Now, with Ibarra gone to Mexico, the Loons have had to depend on a wider array of players, which now includes Ibson and Kalif Alhassan. Alhassan had a goal and two assists in last weekend’s stirring 4-3 victory at San Antonio.

“I hate to see one of my best friends leave but I’m really happy for him,” Ramirez said. “It’s the move he’s always dreamed of. Now we can’t rely on Miguel pulling something out of his hat.

“Our team is coming together and that makes it a lot easier for me. At the same time, it’s barely my third season as a pro. In my short time, I had never really experienced a rough patch of not scoring goals and not playing. It’s been a little wakeup call for me.”

At 6-foot-2, Ramirez is an imposing figure anywhere on the soccer field, but has become particularly adept at playing the target man. He is, however, comfortable playing either with his back to the goal or facing the opposition’s goalkeeper. He has scored some impressive (chesting a ball down and then hitting the volley), even mind-boggling (bicycle kick) goals during his short tenure at the National Sports Center in Blaine, Minn., and in the NASL. But he said neither of those goals are his favorite. It was a left-footed blast from 25 yards out last year against Fort Lauderdale.

“Anyone who knows me will tell you I only use my left foot to run on, so I can’t explain it,” Ramirez said after that match, on May 17, 2014, a 3-1 Minnesota victory. “I surprised myself.”

For all his goalscoring prowess and potential, Ramirez is committed to becoming a complete player – providing assists and opening space for his teammates – a mind-set that belies his young age.

“I’ve learned to adjust to some of the physical contact I’ve seen more of this season,” he said. “I’ve learned how to adjust my movement so it opens up spaces for me and my teammates. A big part of my game is making runs that are unselfish.”

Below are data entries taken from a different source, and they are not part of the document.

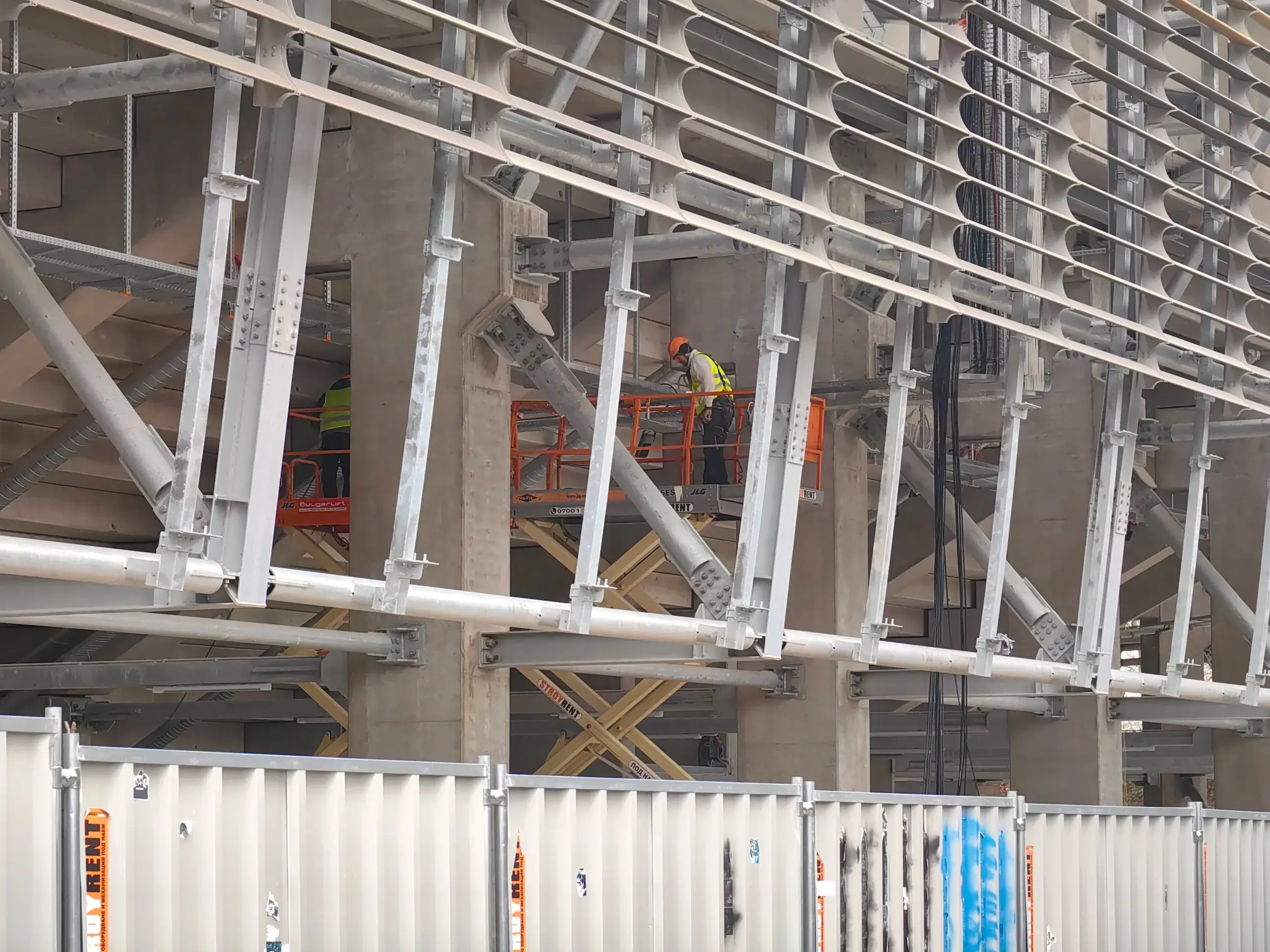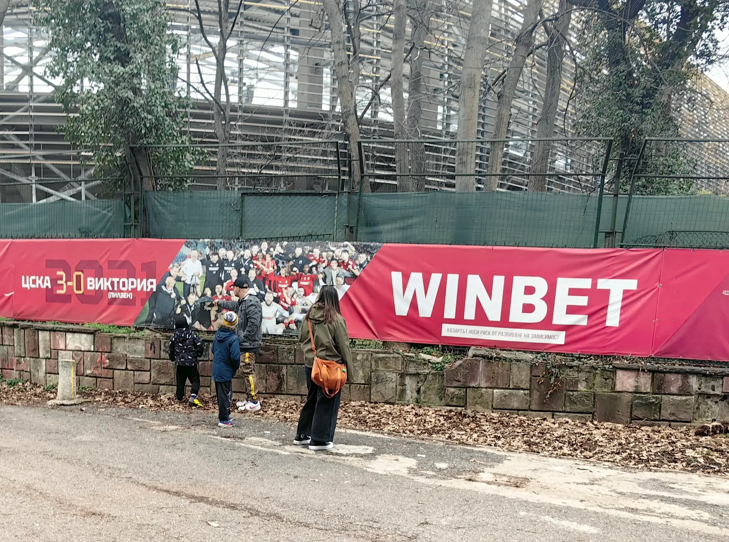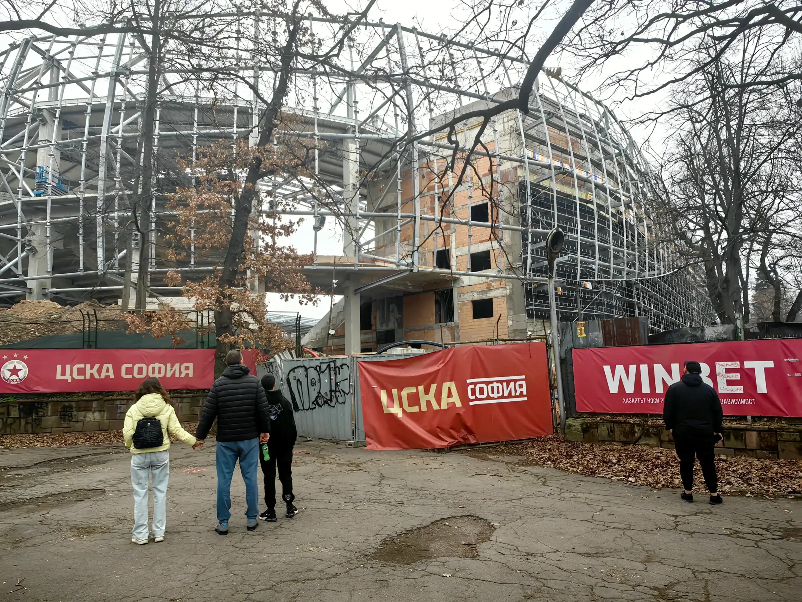 Колко много хора работят на строителната площадка в събота, дори на 14 февруари?! Не съм сигурен дали има проект в България, който се движи с подобни ударни темпове. Лека-полека правя завоя край мястото на някогашния митичен вход на „Г“ сектор. Очите ми попадат на мъж, който посочва на двете си деца и половинката си футболист на ЦСКА. Спрели са да разгледат брандирана част от огражденията. Както казах, всеки се спира.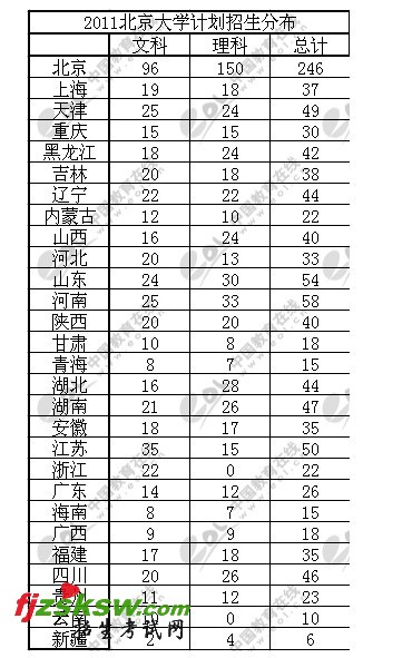 [图文]北京大学2011全国各地招生计划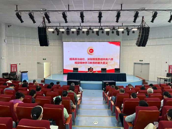 孙娟书记围绕“提高政治站位,深刻领悟深入贯彻中央八项规定精神学习教育的重大意义”、“把握核心要求,以钉钉子精神推动中央八项规定精神落地生根”、“坚持真抓实干,以优良作风赋能学校高质量发展”三大主题展开分析讲解,深入浅出地面向全体教职工介绍了学习教育的重要意义、学习内容和学习目标。并引用违反“四风”问题的典型案例开展警示教育,使全体教职工深刻认识到“四风”问题的危害性,进一步增强廉洁自律意识,做到知敬畏、存戒惧、守底线。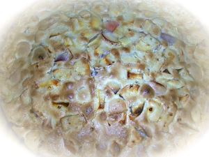 Выложить тесто вместе с яблоками в форму и поставить выпекаться в заранее разогретую до 180°С духовку.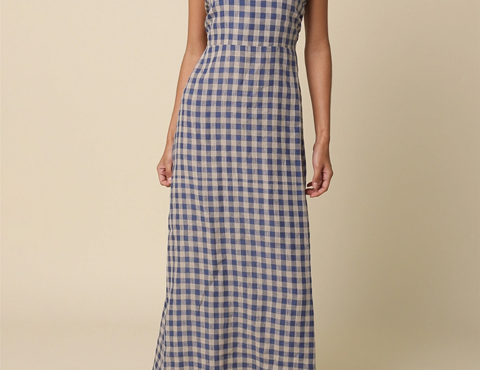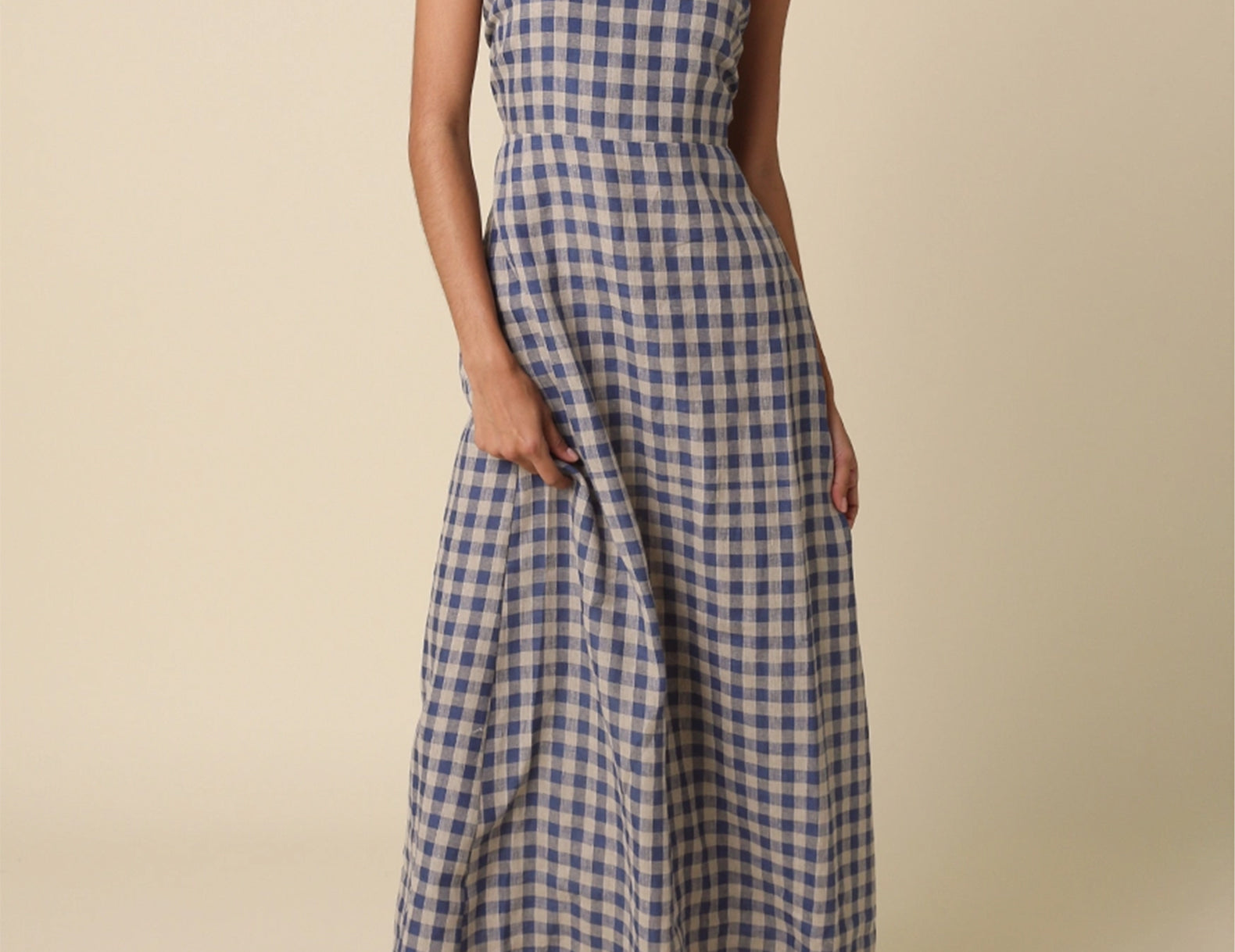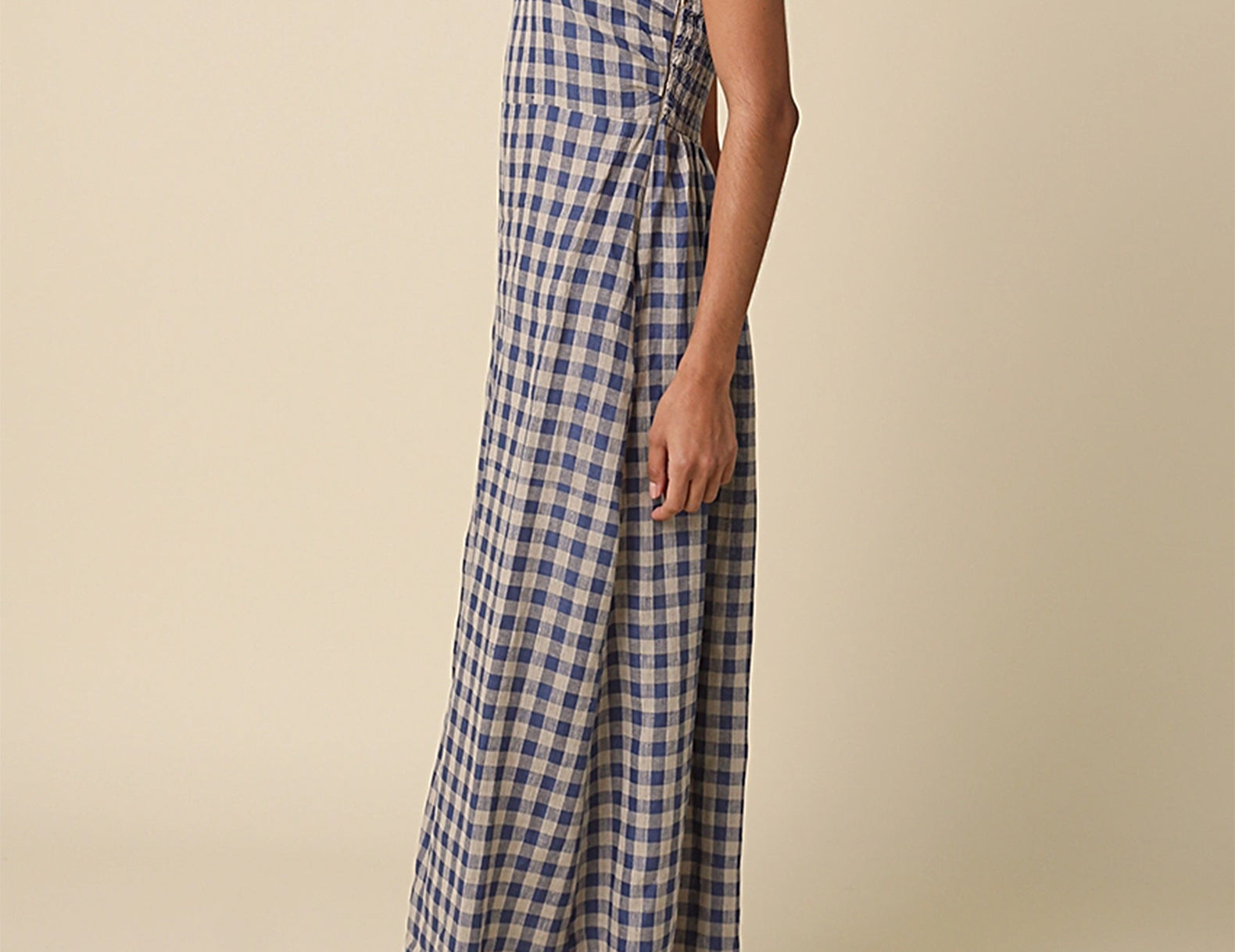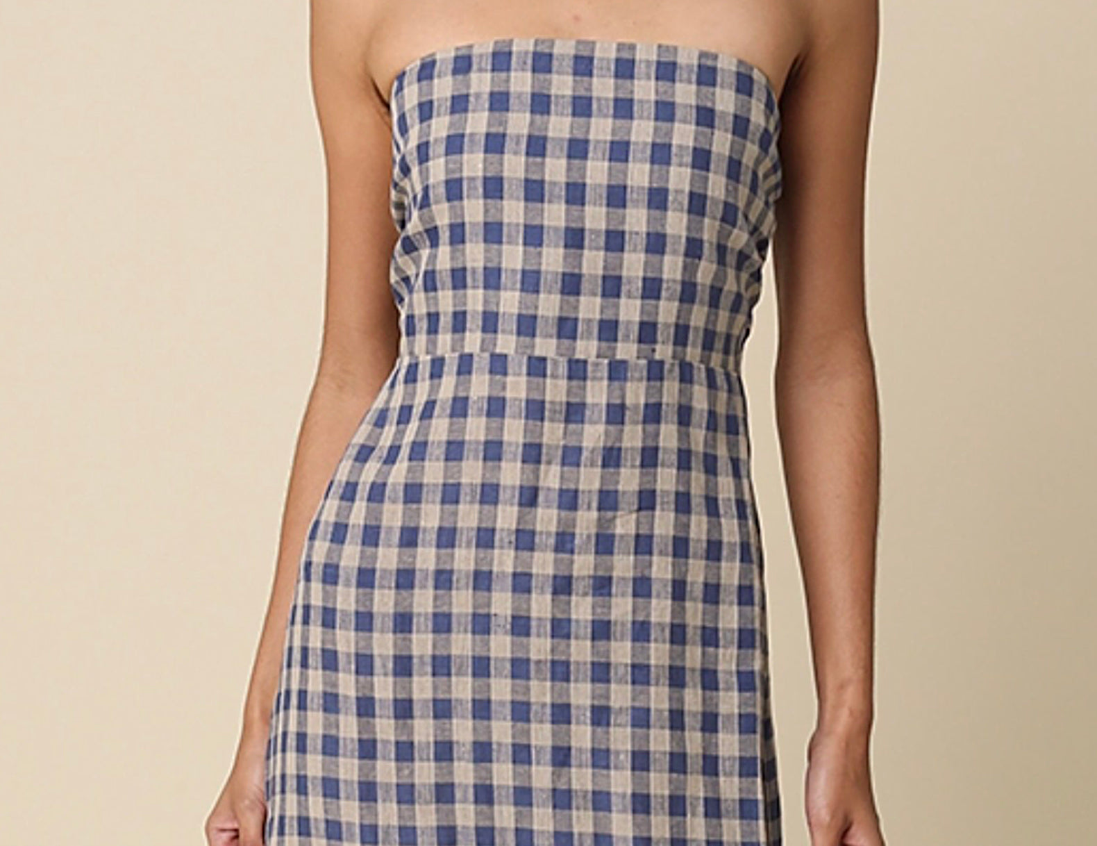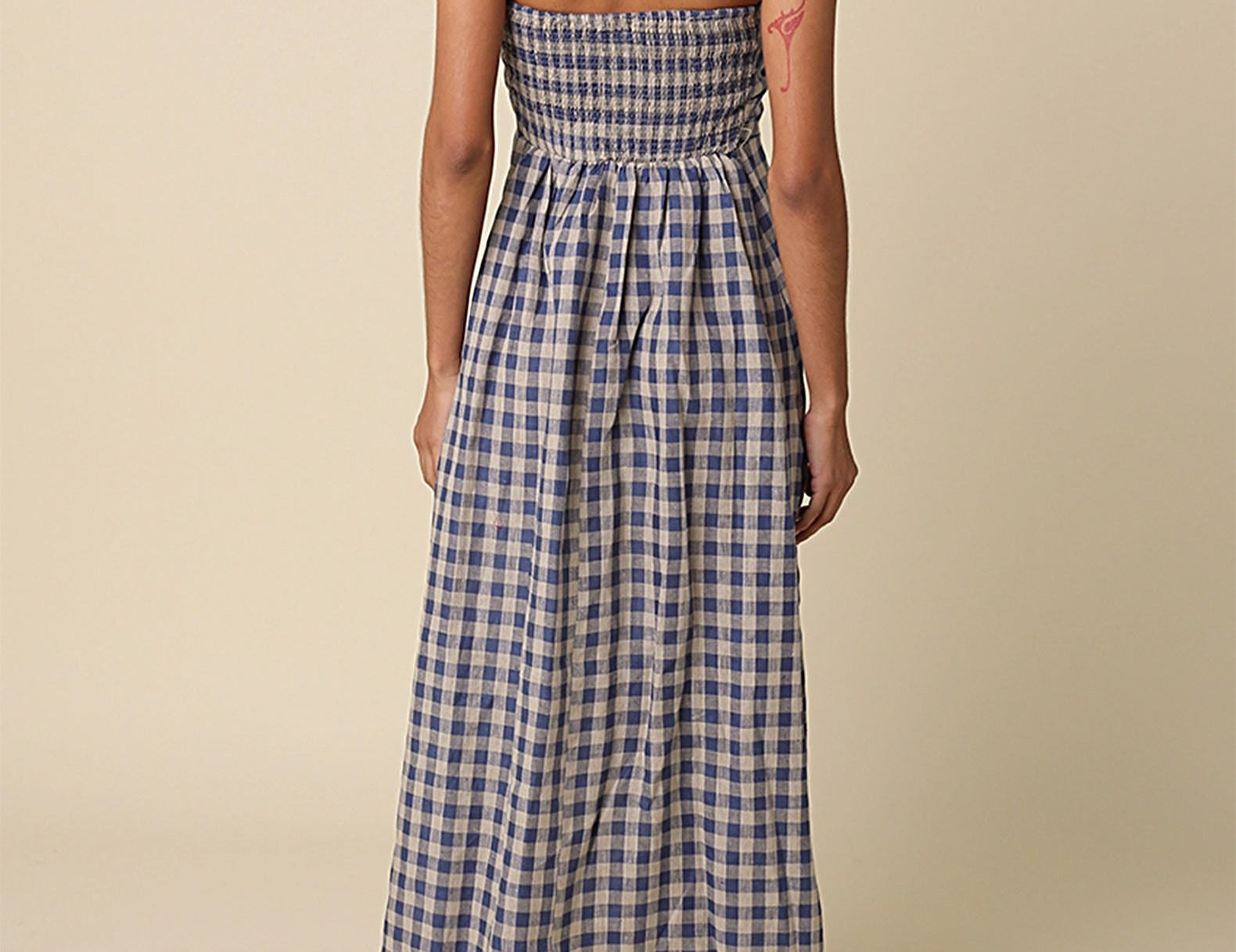 Mollie is done in an airy, blue + taupe gingham-print linen and cut to a clean, longline silhouette. The bodice is fitted and strapless with a ruched, stretch-infused back to perfect the fit. The ankle-skimming skirt is smooth across the front, gathered at the back waist, and flares to a gentle A-line shape.

After their trip to San Antonio last week, the Loons (2W-1D-1D, 7 points) returned home, but are headed back to the road for Friday’s match against struggling Jacksonville (1-0-3, 3) and a midweek game at sputtering New York (0-2-1, 2) on August 5 before returning home for their third game (vs. FC Edmonton on Aug. 8) in eight days. After winning the Spring Season title in 2014, but losing to the Strikers in The Championship Semifinal (on penalty kicks), the Loons struggled early in the Spring Season, but had an eight-game unbeaten streak before losing the last match of the spring.

“My overall goal is to win a Soccer Bowl trophy,” Ramirez said. “Soccer players are known for the trophies they win. It’s what drives me whether I’m scoring goals or giving assists. For me, it’s more important to produce wins for the club.”

Though Ibarra has flown south, Ramirez believes he has left an important legacy tied to Ibarra being the first NASL Modern Era player to be selected to play and start for the US men’s national team. That said though, U.S. coach Jurgen Klinsmann has mentioned Ramirez in the same sentence as Ibarra, but there’s apparently nothing now in the works. That could change.

“I haven’t heard anything, but with Miguel’s move it’s always in the back of your mind that people are watching,” Ramirez said. “I think Miguel’s move is a game changer in the NASL and you never know the possibilities in soccer because they are endless. All you can control is what you can control. I think what he and scouts want is to see your team win, that’s the biggest aspect he wants – winners.”